---------- Supplied data ----------

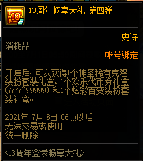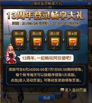DNF13周年快来了,在13周年上线的时候,开启了13周年登录畅享大礼活动,玩家只要在13周年庆期间登录游戏就可以领取大礼包,下面就给大家带来DNF13周年登录畅享大礼活动介绍。
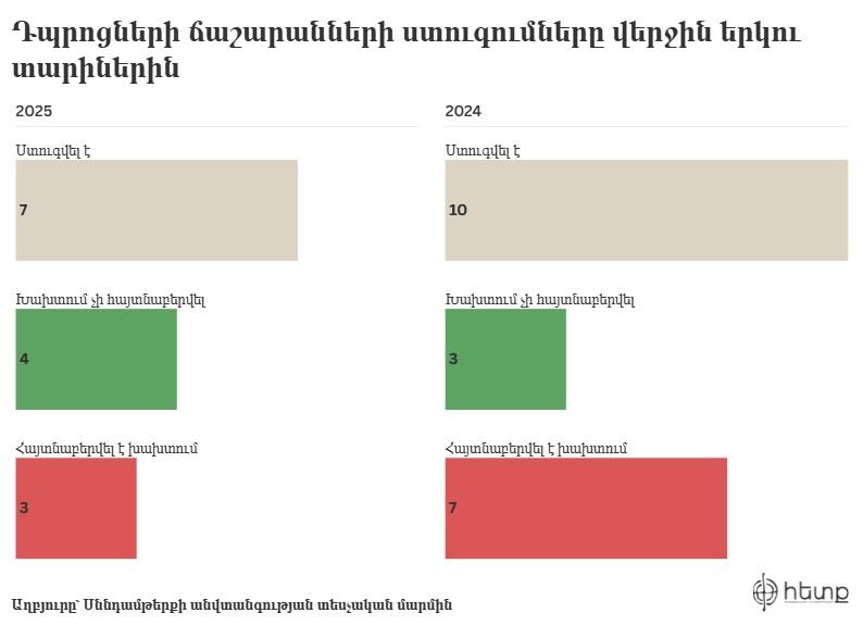 2025 թվականին (դեկտեմբերի 18-ի դրությամբ) Հայաստանի դպրոցների ճաշարաններում Սննդի անվտանգության տեսչական մարմինը իրականացրել է ընդամենը 7 ստուգում։ Նախորդ տարի ՍԱՏՄ-ն իրականացրել էր 10 ստուգում։
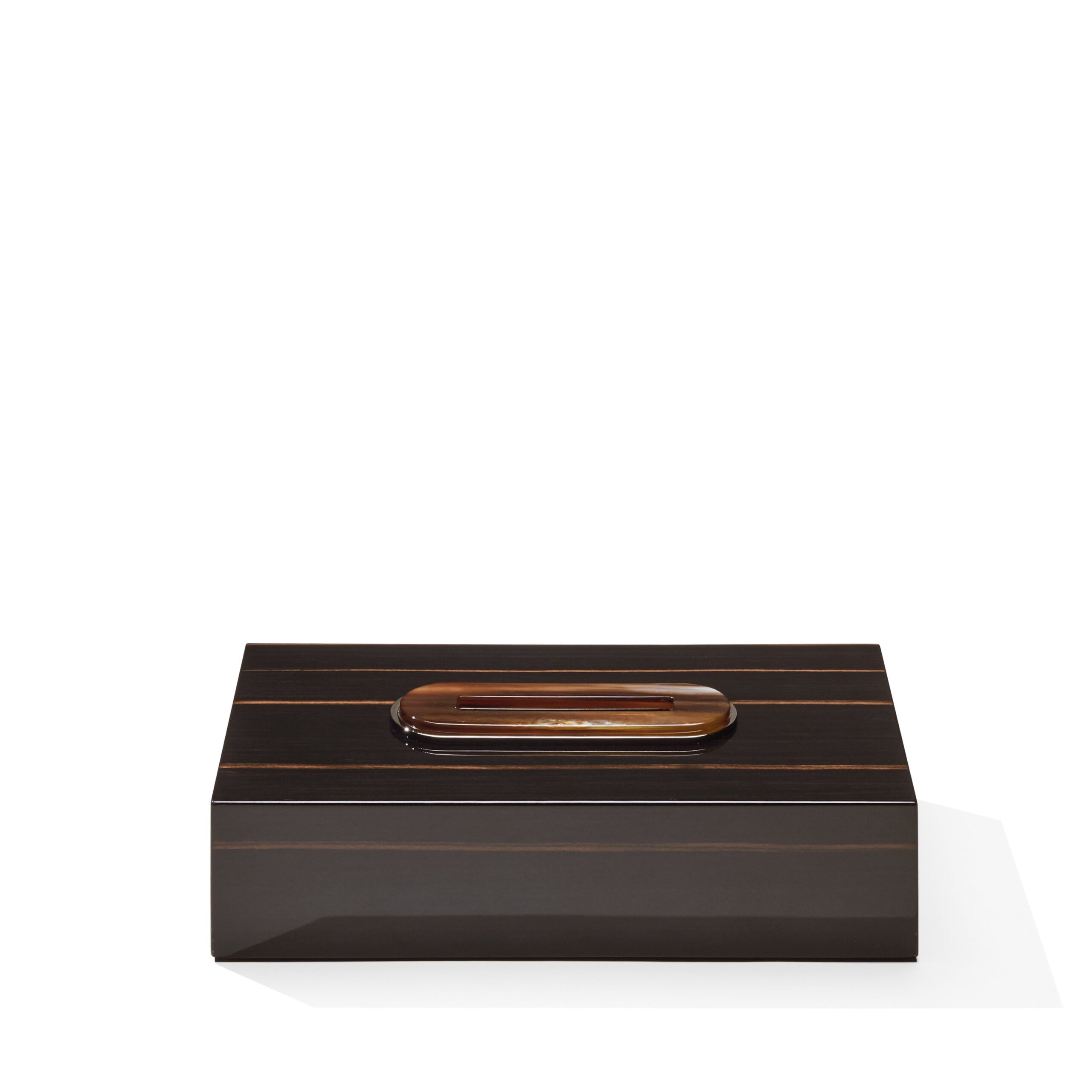 Elevate the decor of your bathroom, bedroom, or office with our Veletta tissue box holder. Combining style and functionality, Veletta is made of glossy ebony veneer, and it’s decorated by an elegant detail in natural horn and chromed brass. The warm tones of horn and ebony are skillfully matched together to elevate an everyday item into a sophisticated decorative piece. The careful selection and processing of materials highlight the unique aesthetic of Veletta that will effortlessly enhance both domestic and professional spaces

----------

◆ What to do:
Copy the data in full. No pictures belong in the copy.

◆ Task response:
DNF13周年快来了,在13周年上线的时候,开启了13周年登录畅享大礼活动,玩家只要在13周年庆期间登录游戏就可以领取大礼包,下面就给大家带来DNF13周年登录畅享大礼活动介绍。
 2025 թվականին (դեկտեմբերի 18-ի դրությամբ) Հայաստանի դպրոցների ճաշարաններում Սննդի անվտանգության տեսչական մարմինը իրականացրել է ընդամենը 7 ստուգում։ Նախորդ տարի ՍԱՏՄ-ն իրականացրել էր 10 ստուգում։
 Elevate the decor of your bathroom, bedroom, or office with our Veletta tissue box holder. Combining style and functionality, Veletta is made of glossy ebony veneer, and it’s decorated by an elegant detail in natural horn and chromed brass. The warm tones of horn and ebony are skillfully matched together to elevate an everyday item into a sophisticated decorative piece. The careful selection and processing of materials highlight the unique aesthetic of Veletta that will effortlessly enhance both domestic and professional spaces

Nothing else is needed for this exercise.